Personally, for small toads, I house them on paper towels with a plastic half-log to hide in and a wide, very shallow water dish for them to climb into and soak. This set-up is very easy to keep clean and it's easy for the toads to catch the little insects and worms I feed them.


----------



## aaron07_20 (Apr 23, 2004)

You really shouldn't take an animal from the wild and confine it in a glass box..


----------



## pamonster (Jun 26, 2003)

aaron07_20 said:


> You really shouldn't take an animal from the wild and confine it in a glass box..


 ok, then let all your pets go bitch :laugh:


----------



## pamonster (Jun 26, 2003)

Bullsnake said:


> pamonster said:
> 
> 
> > My question is we want to get rid of the dirt and get some different plants in there besides grass. Is there a mixture of stuff that I can buy that thay can live in instead of dirt like peat moss or whatever? I basicly just want info on how to construct a nice terrarium for them.
> ...


 thanks for the link


----------



## WolfFish (Jun 30, 2004)

i agree you shouldn't just take wild animals from your garden. Its nott fair on the animal.


----------



## pamonster (Jun 26, 2003)

WolfFish said:


> i agree you shouldn't just take wild animals from your garden. Its nott fair on the animal.

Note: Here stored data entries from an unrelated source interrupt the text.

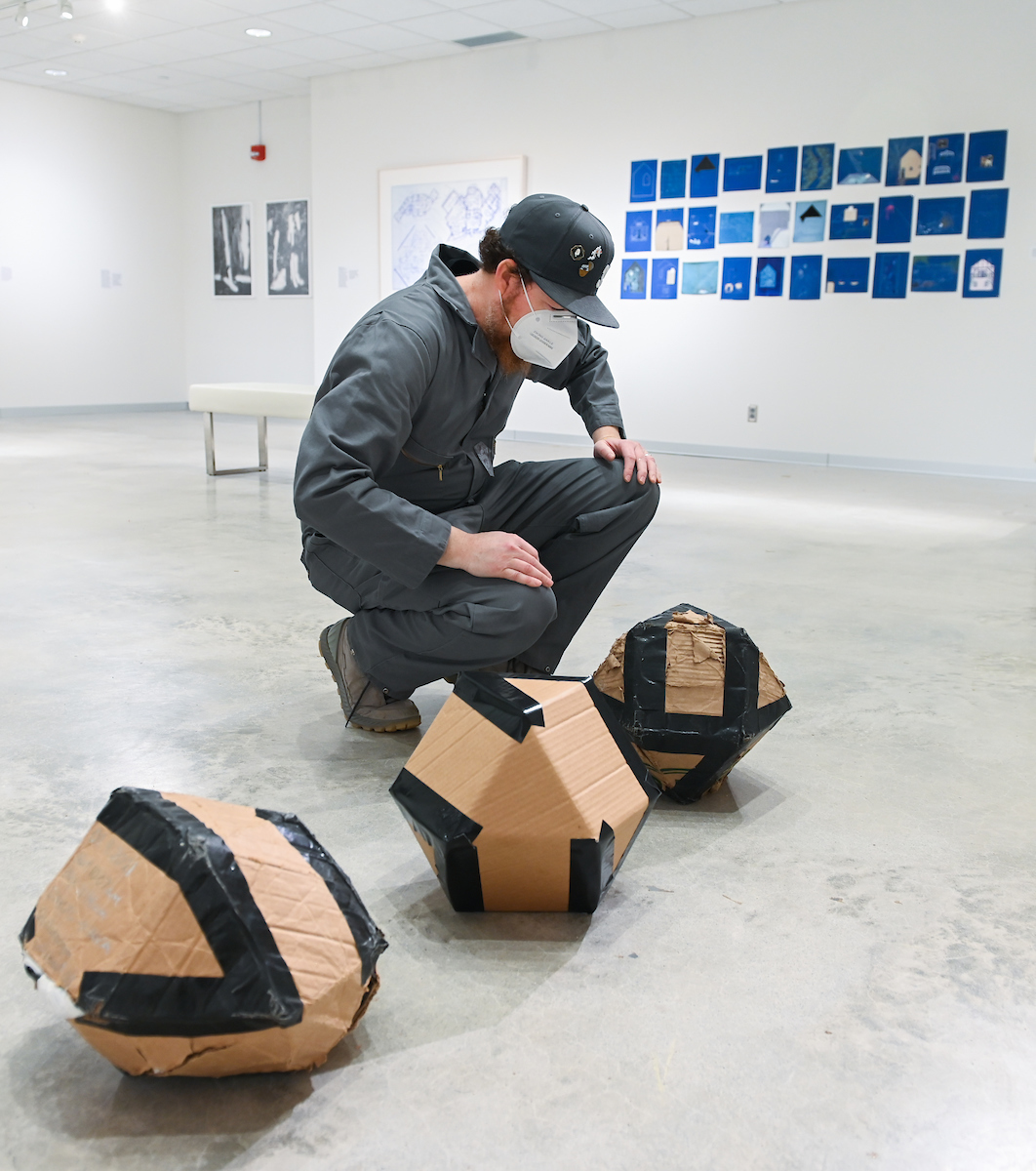 In the exhibit, one of the artists, Marc Boyson, will travel along city streets on “kickabouts.” He will be leaving from the UTC Fine Arts Center at 10 a.m. each Tuesday and Thursday and will kick a cuboctahedron—a 14-sided sculpture—around the city. When he returns to the Cress Gallery, he will leave the sculpture to become part of the exhibition.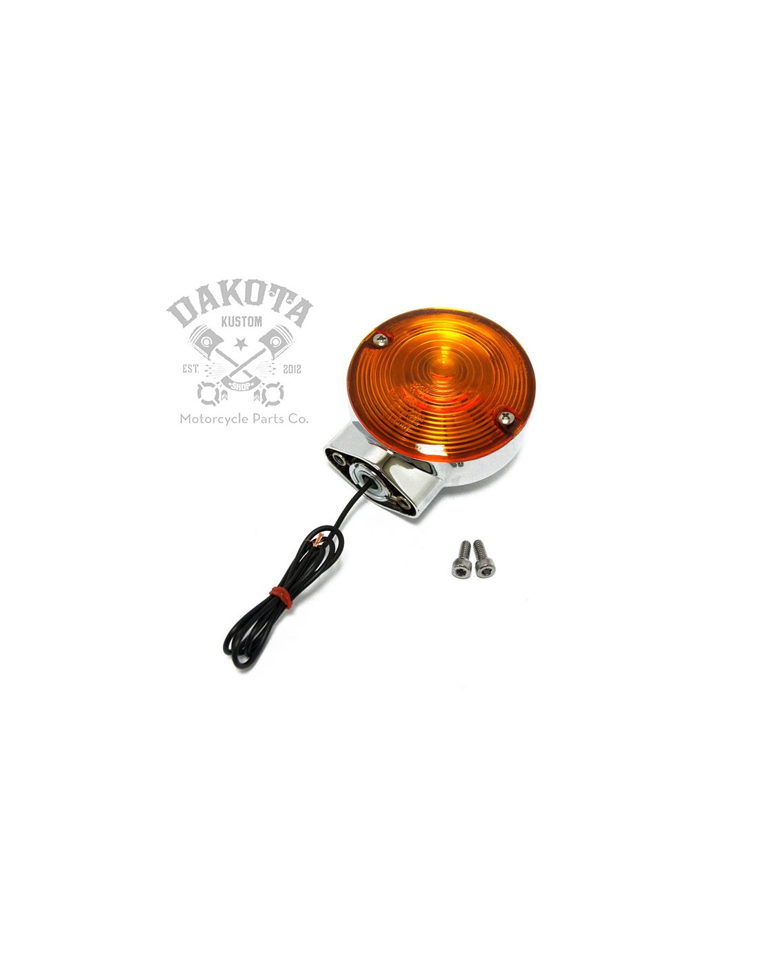 Intermitente delantero y trasero de estilo original con lente ámbar, carcasa cromada y bombilla de un solo filamento. Repuestos completo para modelos con intermitentes de serie de lente plana grande de 8,9 cm. Precableados, sin conectores. Los intermitentes delanteros y traseros son iguales, la diferencia radica en el cableado para bombillas de un solo filamento o de doble filamento. Apto para modelos Harley-Davidson FLT/Touring 1986-2014 FLHT, FLHS, FLST/C, FXRT y FXRD. Referencia Original 68402-86 y 68765-94A. Nota: Por lo general, los modelos Europeos no están cableados para la función de doble filamento.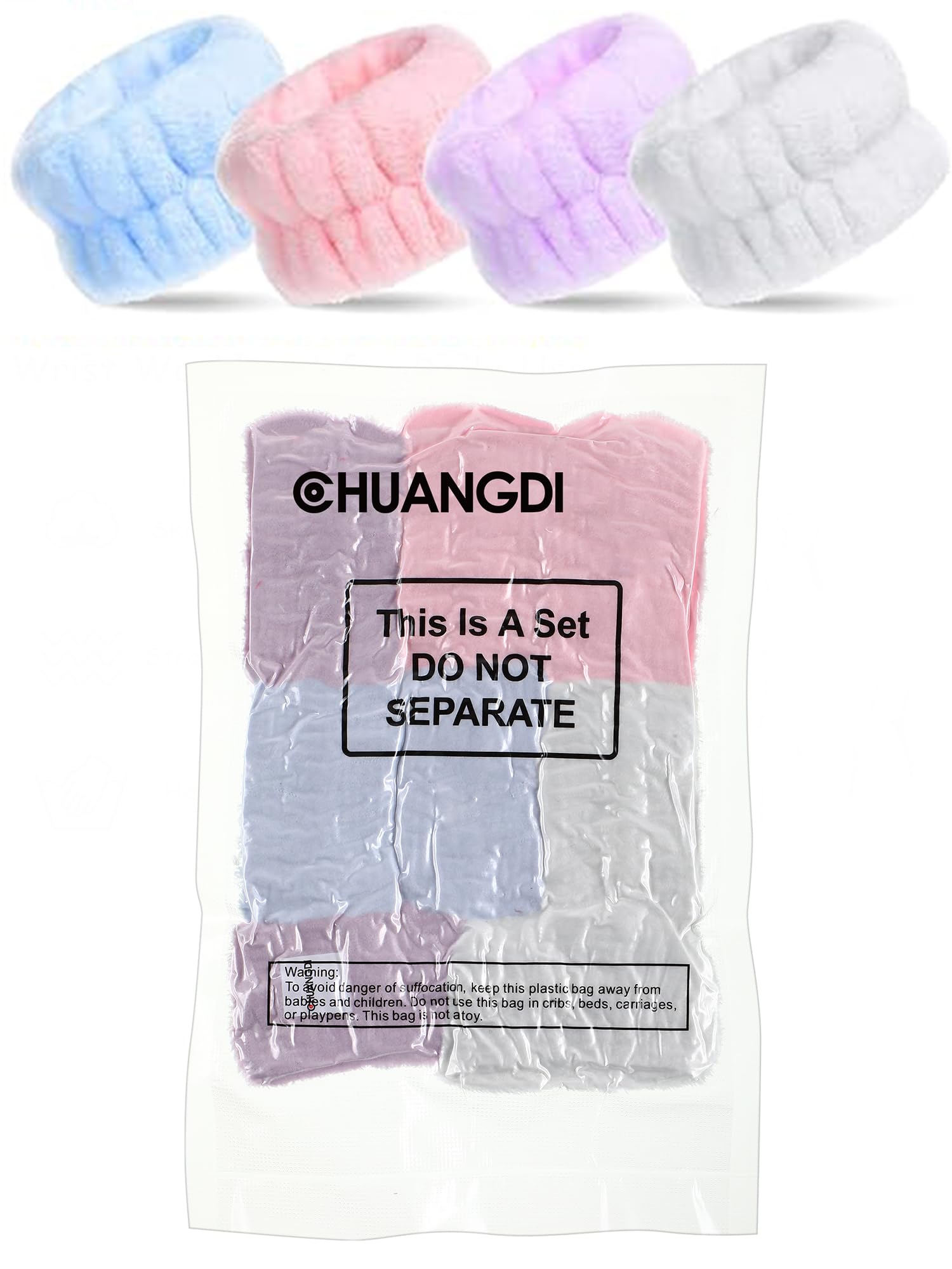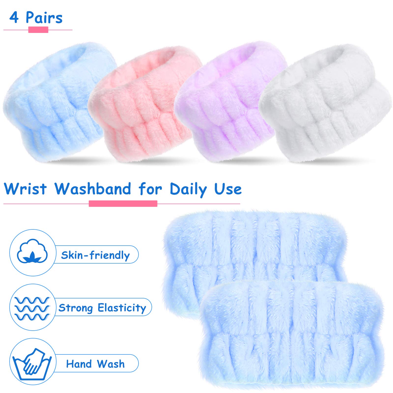 Wrist spa wash band set: there are 4 pairs of microfiber wristbands in different colors, you can wear these cleansing cuffs in line with your headband to reduce and prevent liquid from spreading and spilling down to your arms when washing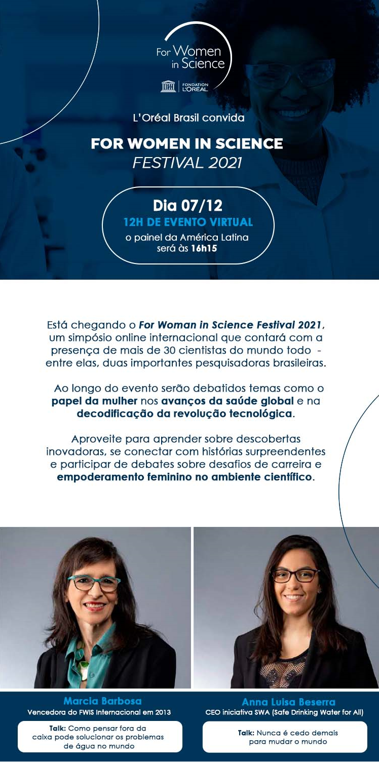 No dia 7 de dezembro, A Fundação L’Oréal e a Unesco organizam mais uma edição do evento que reúne grandes mulheres cientistas do mundo inteiro para um dia inteiro de debates. A iniciativa existe há 20 anos para promover a participação feminina no meio científico. Serão debatidos temas como o papel da mulher nos avanços em saúde globais e na decodificação da revolução tecnológica.

 wtf it was either that or i hit them with the lawn mower, their going ot have a longer happier life liveing with me. Besided where do you think pets came from, were all animals born in some dudes basement.....no, they have been domesticated from the great outdoors. If you realy believe that sh*t then dont have pets, and if you dont have pets, wtf are you doing on this forum........?


----------



## TormenT (Apr 1, 2004)

yea seriously guys its a toad!!!! its gonna have a lot better and dangerfree long life with him


----------



## WolfFish (Jun 30, 2004)

i suppose, it just doesn't seem fair on mr toad.


----------



## indecisive (Apr 1, 2004)

WolfFish said:


> i suppose, it just doesn't seem fair on mr toad.


ur right, pamonster..next time run them over with the lawn mower...


----------



## pamonster (Jun 26, 2003)

:laugh:


----------



## PunkRockSkater39 (May 31, 2004)

I agree with pamonster







Every herp was originally taken from the wild so if u let go of all ur herps then u can say something


----------